If you are running your application and it seems to be hanging, there is an easy way to kill all of the processes that are hanging.
If you are running multi-locality but on an SMP machine, then all you have to do is Ctrl-C and hpx_run.py will take care of killing all the hanging processes.
However, running on a cluster is a bit of a challenge, because the way hpx_run.py works is to ssh the command to the other nodes.
If you Ctrl-C out of a cluster run, all the processes are still running on the other nodes.
Whenever this happens, hpx_run.py will make a script called cleanup*.sh
that you can use to automatically send the kill command to the hanging processes.
Another thing to note is that as of right now, hpx_run.py has only been tested to work on Arete for a distributed multi-locality run, and only if you run the script on one of the compute nodes.
If you try to run on other clusters, your mileage may vary.
There is a trick you can use to minimize the amount of text that hpx_run.py prints out.
If all you care about is the output from the program you can use the --shhh
option to significantly reduce the amount that hpx_run.py prints out.
This is what it looks like in action:
$ hpx_run.py -s -l 1:1 "fibonacci" Runtime 'rts0' stdout: elapsed: 0.019939, result: 55 $ hpx_run.py -s -l 2:1 "fibonacci" Runtime 'rts1' stdout: elapsed: 0.129291, result: 55
I told you in the first tutorial that hpx_run.py just automated setting up the multiple locality runs.
If you wanted to see what commands it is actually running you can use the --debug
option to do a dry-run where it doesn't actually start the run, but just prints out the commands it would have run.
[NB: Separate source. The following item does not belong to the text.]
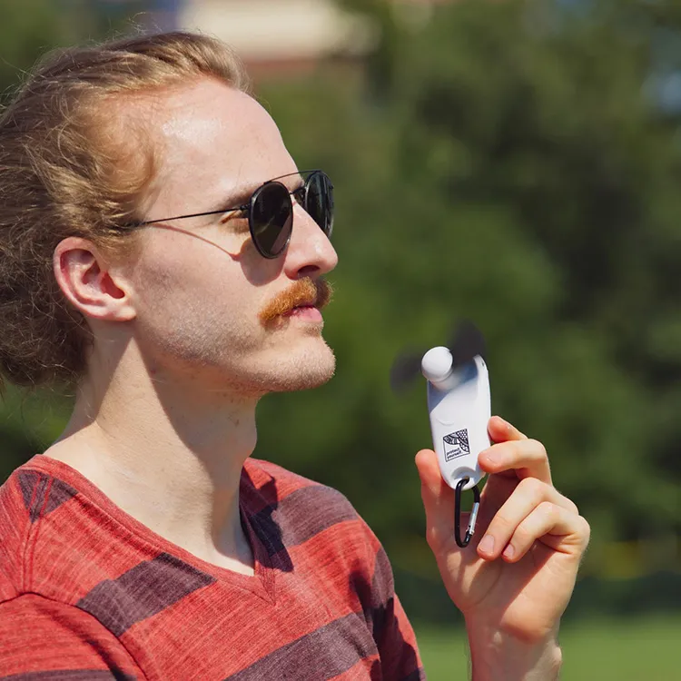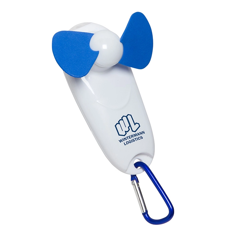 This portable device combines a compact fan with a built-in light, making it a versatile tool for on-the-go comfort and visibility. Soft rubber blades ensure safe use, while the carabiner clip allows for quick attachment to bags or gear. It runs on two AA batteries (included) and is packaged with instructions in a white box.

This is what this looks like in action:
$ hpx_run.py -d -l 2:1 "fibonacci" System view: 2 nodes: Node 'node1' with 1 cores Node 'node0' with 1 cores Locality set: 2 localities: Locality 'L0' with 1 threads Locality 'L1' with 1 threads Distributed runtime: 2 local instances: Runtime 'rts1' with 1 threads Runtime 'rts0' with 1 threads Local runtime instance 'rts1': HPX command: fibonacci -r -a localhost:2222 -x localhost:2223 -l 2 -t 1 Environment: (Empty) Local runtime instance 'rts0': HPX command: fibonacci -w -a localhost:2222 -x localhost:2224 -l 2 -t 1 Environment: (Empty)
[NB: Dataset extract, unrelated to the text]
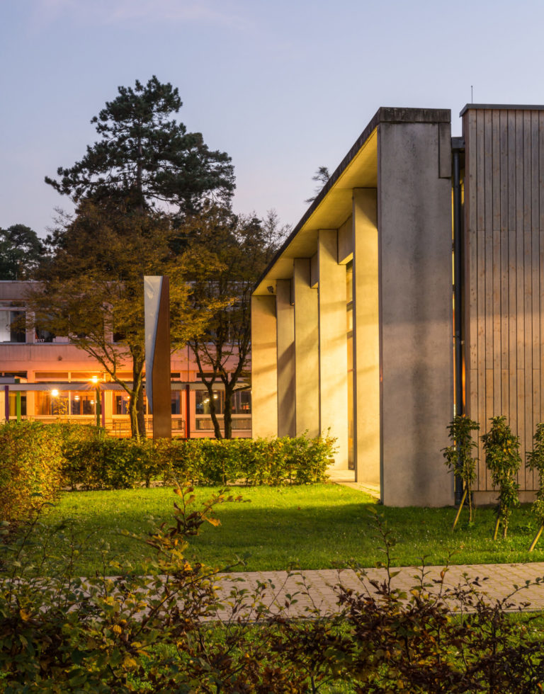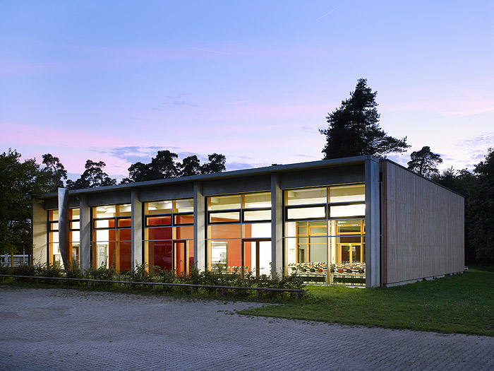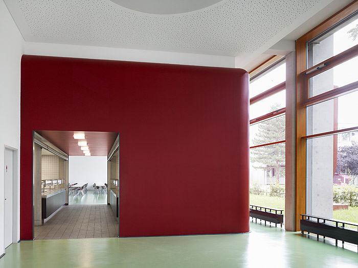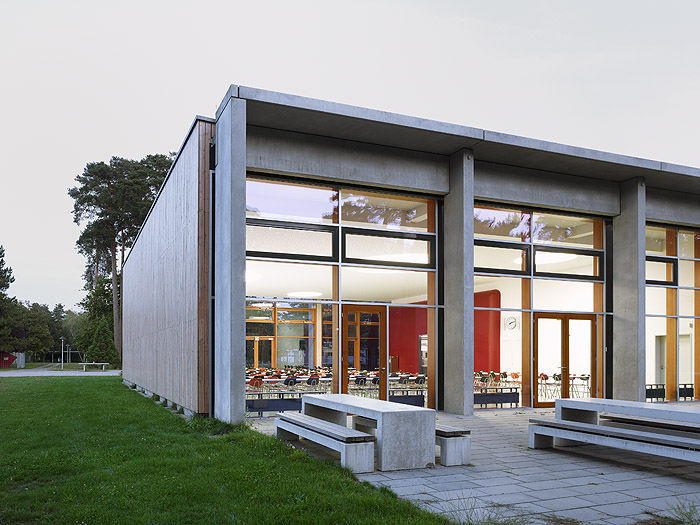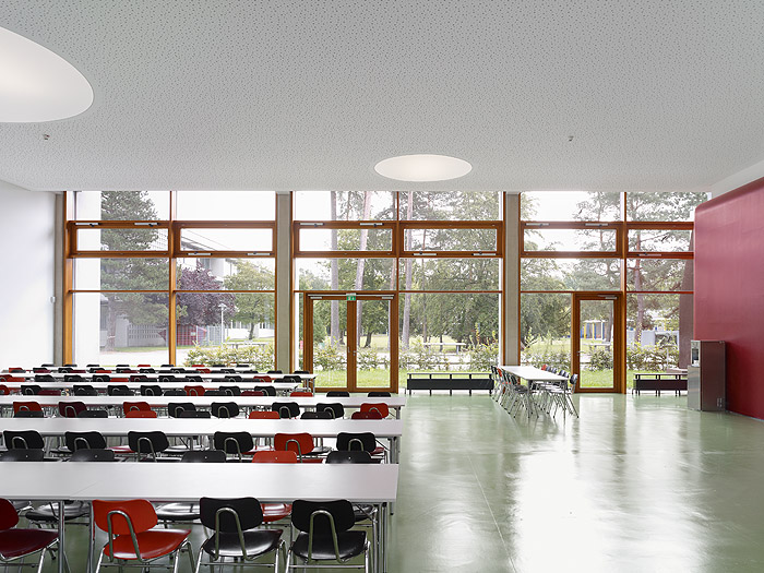 Das gemeinsame Essen ist eines der kulturell wichtigsten Ereignisse, insbesondere für Kinder. Die Mensa soll, obschon als großer, stützenfreier Raum gefordert, dennoch ein Ort sein, der sich von einer Kantine unterscheidet. Die Voraussetzungen sind durch die Besonderheit des Ortes – am Ende des von drei Seiten umstandenen Schulinnenhofes – ideal. Um diesen Freibereich nicht nach Westen abzuriegeln war es ein zentraler Gedanke die Funktionsräume und den Zugang an der Südseite, an dem sich auch die Pergola befindet, anzuordnen, um Platz zu lassen für einen fast vollverglasten Speisesaal, der eine visuelle Ost-West-Beziehung zulässt. Die Südwand ermöglicht eine Erweiterung des Gebäudes nach Süden. Energetisch nutzt das extrem gedämmte Gebäude die Rücklauftemperatur der Heizung des Schulgebäudes.

If you run on a shared system with other people (such as on Castor and Pollux) then you might run into some port conflicts with other people running HPX code.
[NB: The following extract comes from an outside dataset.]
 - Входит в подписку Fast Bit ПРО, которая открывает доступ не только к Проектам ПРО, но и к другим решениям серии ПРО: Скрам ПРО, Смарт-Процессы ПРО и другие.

By default, hpx_run.py starts with a base port of 2222
and counts up from there.
You can set it to start with a different port by using the --port
option.
This is illustrated below:
$ hpx_run.py -d -p 2829 -l 2:1 "fibonacci" System view: 2 nodes: Node 'node1' with 1 cores Node 'node0' with 1 cores Locality set: 2 localities: Locality 'L0' with 1 threads Locality 'L1' with 1 threads Distributed runtime: 2 local instances: Runtime 'rts1' with 1 threads Runtime 'rts0' with 1 threads Local runtime instance 'rts1': HPX command: fibonacci -r -a localhost:2829 -x localhost:2830 -l 2 -t 1 Environment: (Empty) Local runtime instance 'rts0': HPX command: fibonacci -w -a localhost:2829 -x localhost:2831 -l 2 -t 1 Environment: (Empty)
You can use the --use_gdb
option to tell hpx_run.py to run the application inside of GDB.
This is useful for when you are trying to debug your application using multiple localities.